Posted by: Trent | June 23, 2014 at 09:31 PM
The next 2.5 hours is Jack sleeping.
Posted by: tropichunt.com guy™ | June 23, 2014 at 09:31 PM
Does the Vice President (whoever he or she might be) know WTF is going on tonight?
Posted by: Jeff Meyerson | June 23, 2014 at 09:32 PM
Oops...
Posted by: Trent | June 23, 2014 at 09:32 PM
Yeah just end the season now. Unless Jack is going to throw Audrey out of a window,it's not going to get any better.
Posted by: homeybeef | June 23, 2014 at 09:33 PM
molesssssss are next!
Posted by: kleeeper | June 23, 2014 at 09:33 PM
We're getting ready to head back.
Navarro is next.
Posted by: Jeff Meyerson | June 23, 2014 at 09:34 PM
Subplot!
Posted by: tropichunt.com guy™ | June 23, 2014 at 09:34 PM
Now for the mole section of the show...
Posted by: tropichunt.com guy™ | June 23, 2014 at 09:35 PM
Remember season 2? The bomb went off half way through the season and then it was 12 hours of conspiracies and moles? Yeah, lets do that again -_-
Posted by: homeybeef | June 23, 2014 at 09:35 PM
Dave, Jack threw Ian AND Margot from the same window. And they landed side by side.
Posted by: Jeff Meyerson | June 23, 2014 at 09:35 PM
'I'm sure if the circumstances were reversed u wuld have done the same thing.'
'um, no, not really'
[!!]
Posted by: SigBauer | June 23, 2014 at 09:35 PM
Mole hunt
Posted by: Brian rutherford | June 23, 2014 at 09:36 PM
Navarro is so screwed.
Posted by: Jeff Meyerson | June 23, 2014 at 09:36 PM
Crazy analyst Jordan had two bodies! And they're both dead!

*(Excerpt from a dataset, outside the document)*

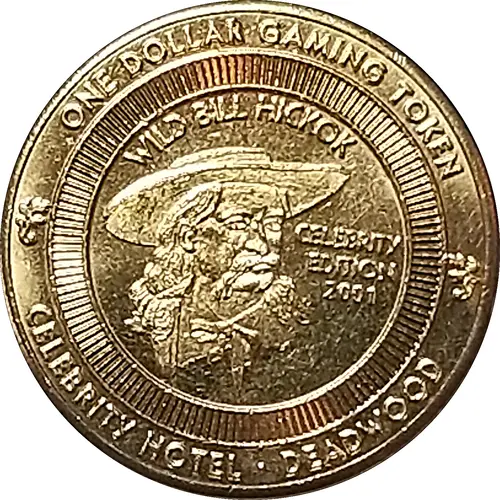 | Obverse lettering | ONE DOLLAR GAMING TOKEN WILD BILL HICKOK 2001 CELEBRITY EDITION CELEBRITY HOTEL DEADWOOD |
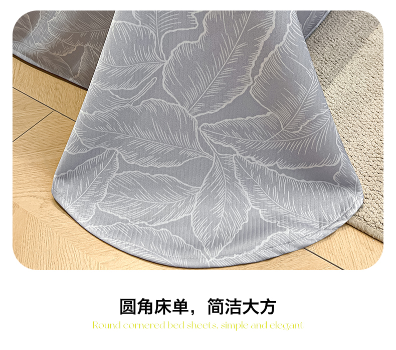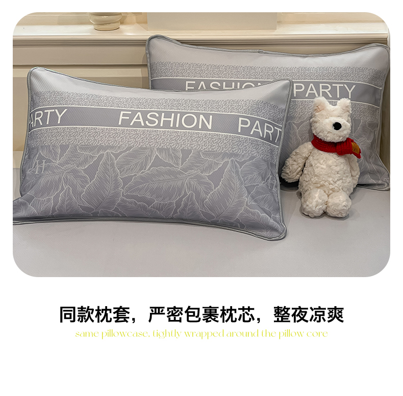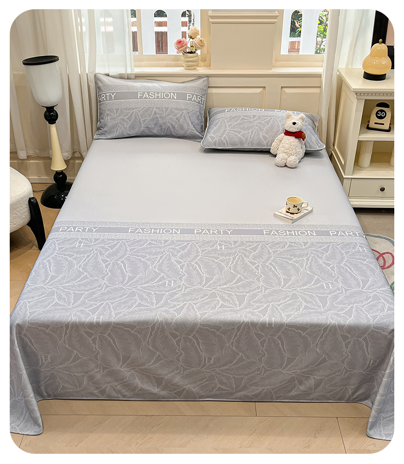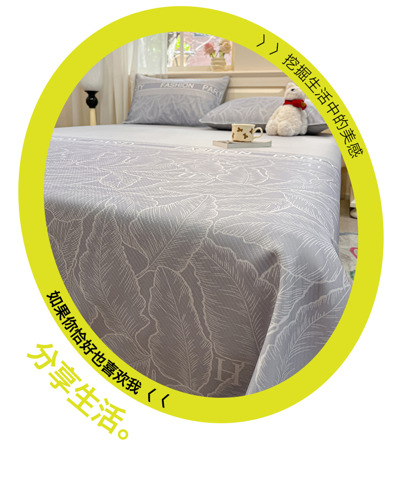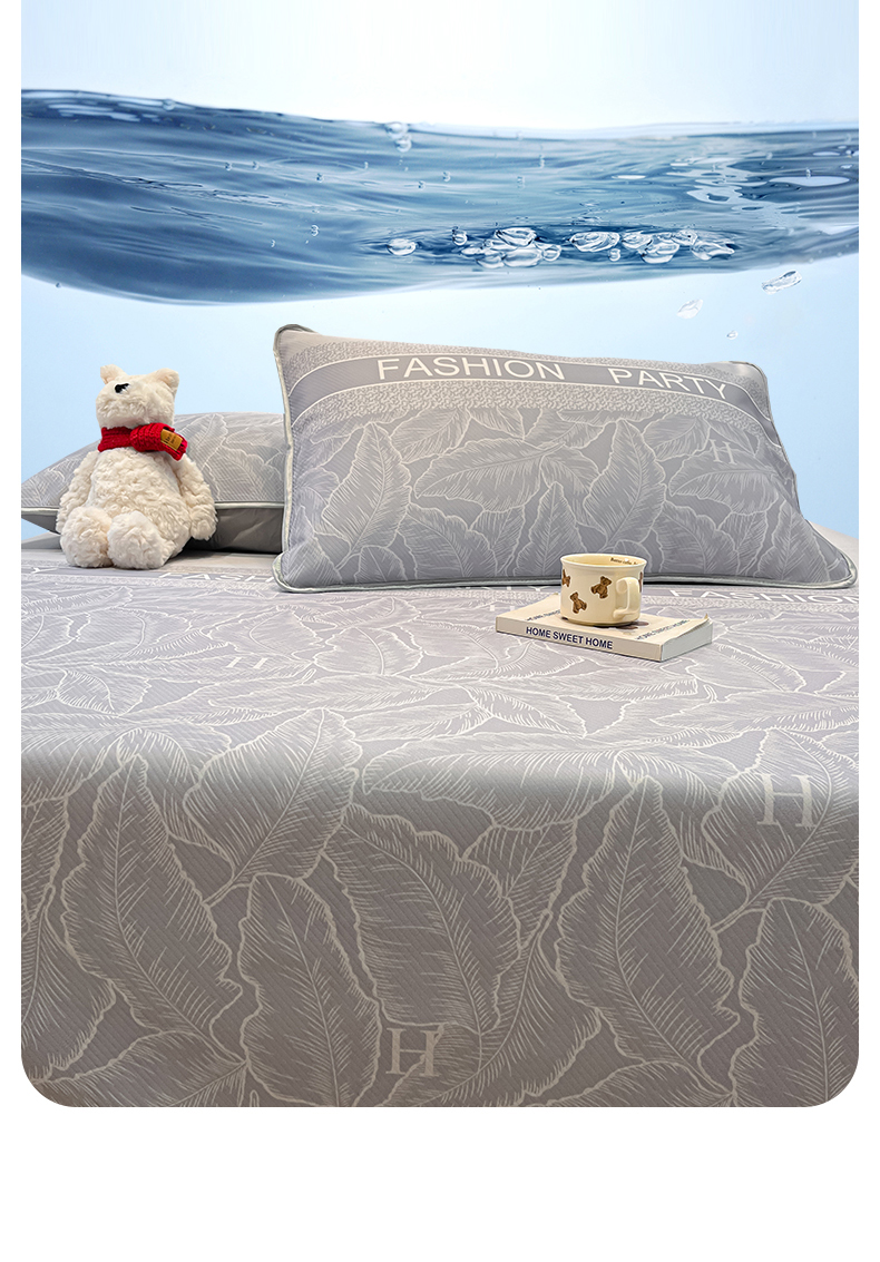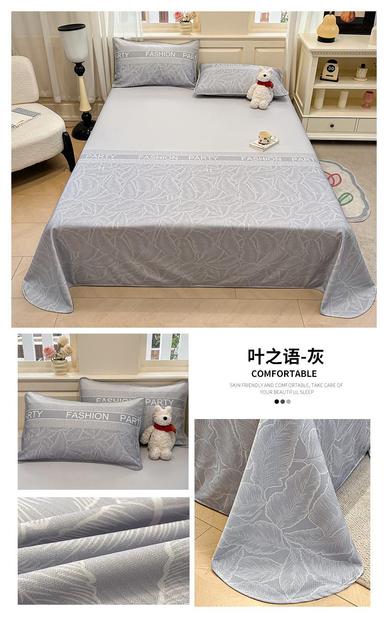 商品名称:星座家纺 2025新款斜纹提花凉感丝凉席床单款三件套 叶之语-灰

Posted by: danceswithvowels | June 23, 2014 at 09:36 PM
Navarro is going to sell out his country even more.
Scumbag.
Posted by: Jeff Meyerson | June 23, 2014 at 09:37 PM
He wants an override on the override.
Posted by: tropichunt.com guy™ | June 23, 2014 at 09:38 PM
Navarro should call Uber. They're faster and don't charge nearly that much!
Posted by: danceswithvowels | June 23, 2014 at 09:38 PM
*pants from all the heinzing*
Dang, Dave. FIVE????? That was just uncalled for. Please don't take your anger at Fomcast out on us. *sobs*
Gee. Mark doesn't look like he's too happy to see Heller.
Posted by: Diva | June 23, 2014 at 09:38 PM
Okay, I hate the Sprint ads, but like the Gordon character....
Posted by: Trent | June 23, 2014 at 09:39 PM
If none of the moles on the show have moles, I'm going to be highly disappointed.
Posted by: tropichunt.com guy™ | June 23, 2014 at 09:39 PM
Who do we hate more - Gor-don or the stubbly pretentious Lincoln guy?
Posted by: Jeff Meyerson | June 23, 2014 at 09:39 PM
RIP Jordan. We hardly knew you.
Posted by: Ednamode | June 23, 2014 at 09:40 PM
Dave: Chloe hacked the T. Signal to make Jack think they died.